The Upright Piano Player

The Upright Piano Player
By David Abbott
(Nan A. Talese/Knopf , Hardcover, 9780385534420, June 2011, 272pp.)

The Short of It:

Quietly haunting and tinged with loneliness.  

The Rest of It:

The books that I love are typically quiet books, in that the characters and storyline follow a rather plain, yet interesting path. Domesticity fascinates me. So for this reason I thought I would love The Upright Piano Player. Although parts of it were lovely and beautifully crafted, the narrative structure didn’t work for me.

The story is about Henry Cage. Forced into retirement by his own company, he doesn’t quite know what to do with himself. His wife ends their marriage after having an affair, and his grown son, although “around,” is not on terribly good terms with his father. As Henry struggles to make sense of this new life, a violent encounter with a stranger on New Year’s Eve forces him to make a decision.

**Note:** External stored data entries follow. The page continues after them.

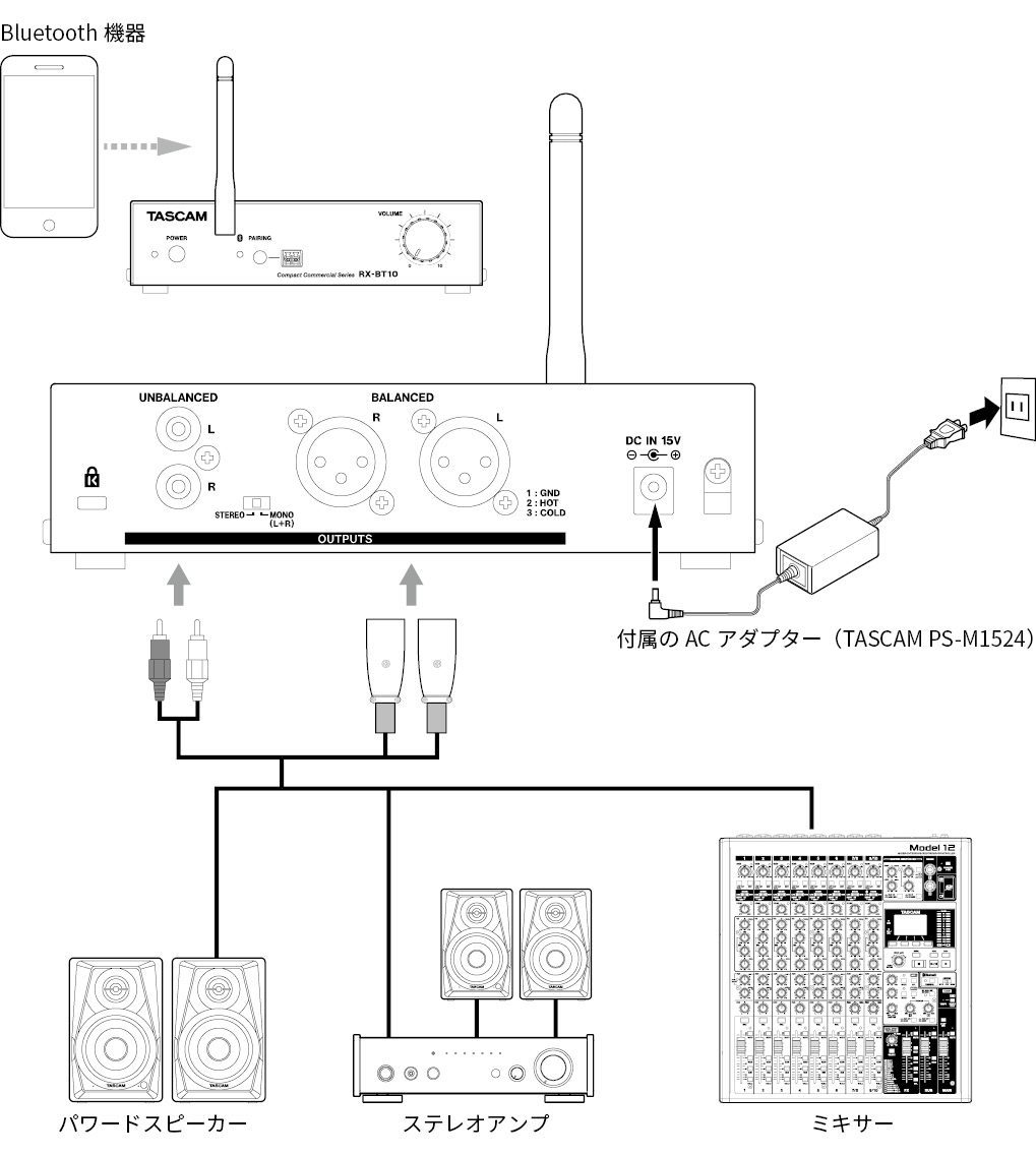 TASCAM RX-BT10は、スマートフォン・タブレットなどBluetooth端末のオーディオを既存の音響システムに手軽に追加可能な業務用Bluetoothオーディオレシーバーです。
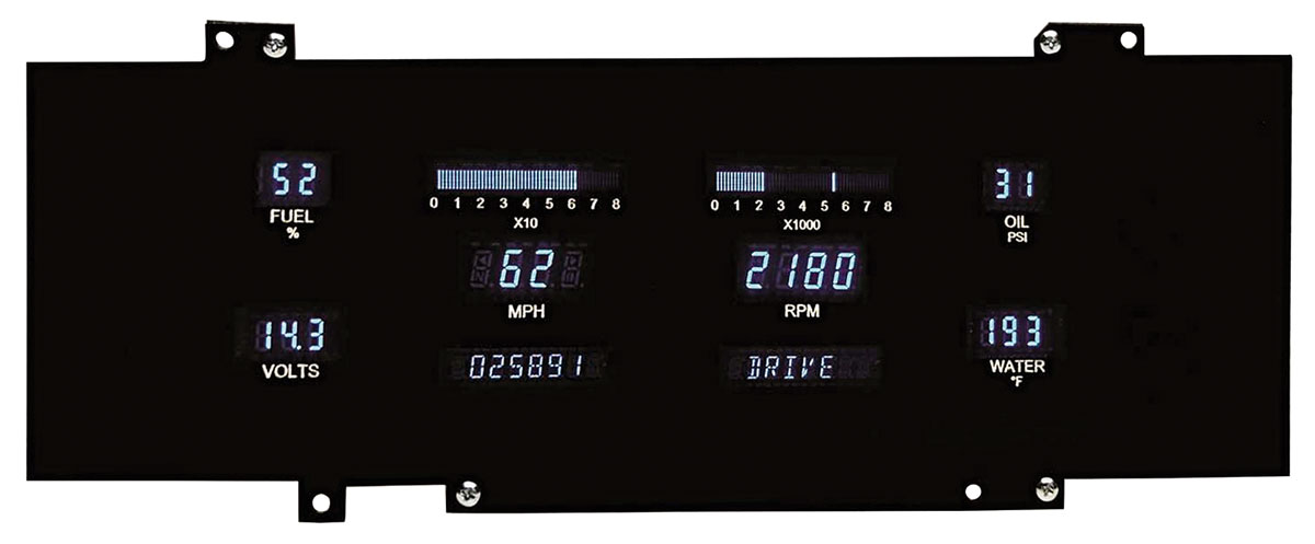 Dakota Digital VFD3 direct-fit digital instrument systems deliver high brightness vacuum fluorescent displays that provide a lifetime of trouble-free use, while offering increased accuracy. These Dakota Digital Series III instrument systems are equipped with the latest technologies and features for a wide variety of applications that covers it all. Mount the included pushbuttons supplied with your gauges in a convenient and easily accessible location. These buttons calibrate your speedometer, set the cylinder count and the fuel level gauge. Fully adjustable warning points alert the user of potential vehicle problems. Full 6 gauge instrument system fits into your OEM bezel. Metric systems are also available in KM/H and degree Celsius.
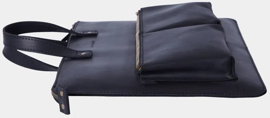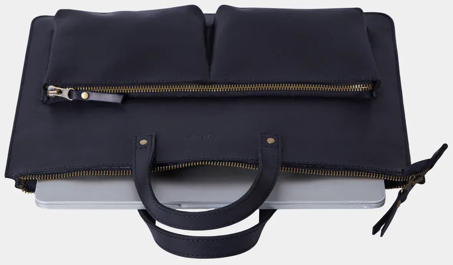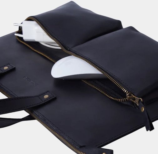 Зовні чохол виглядає лаконічно: рівні лінії, стримана форма, вінтажна фактура натуральної шкіри, яка з часом набуває власного характеру. Такий виріб однаково органічно вписується в чоловічий і жіночий стиль — дизайн Brave свідомо універсальний. На лицевій панелі розміщені дві місткі кишені для аксесуарів: миші, блока живлення, дротів, невеликих документів чи всього, що потрібно мати під рукою, не відкриваючи основний відсік.
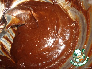 2.В растопленную шоколадно-маслянную смесь добавить сахарную пудру, размешать, затем по чуть-чуть слегка взбитые яйца, все время размешивая.
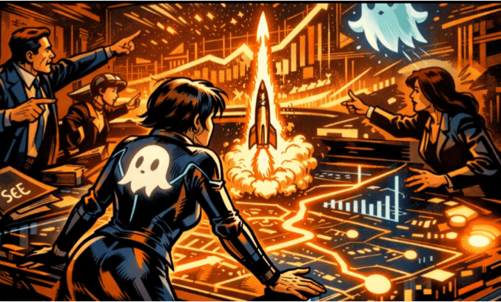 Sala de guerra futurista con un estratega de Aave lanzando un cohete sobre la hoja de ruta digital 2026.
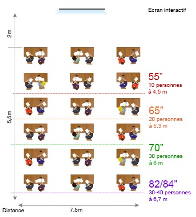 - Un ENI de 75 pouces conviendra à un groupe de 20 à 30 personnes (ce qui correspond à une salle de classe classique, en primaire notamment)

This in itself is a lot to deal with but the story opens with a different tragedy and then goes back five years to when he is first retired. Normally, I don’t have a problem with knowing the outcome of a particular situation before reading the story, but this outcome was so bleak, and depressing that as I was reading, it left me feeling hopeless about Henry’s situation.

Plus, I expected the story to at least circle back to the tragedy that it mentioned in the beginning of the book, especially since it had the potential of devastating Henry and his family, but it doesn’t. The decision to “not go there” made it a random tragedy and although events are often random in everyday life, this was too significant to ignore.

As lovely as the writing was, there was no payoff for me. I don’t need a happy ending…I am  not about being perfect, but I didn’t see a point to that tragic opening, and that is what I was thinking about at the end of this novel. There’s no epiphany…no “aha” moment.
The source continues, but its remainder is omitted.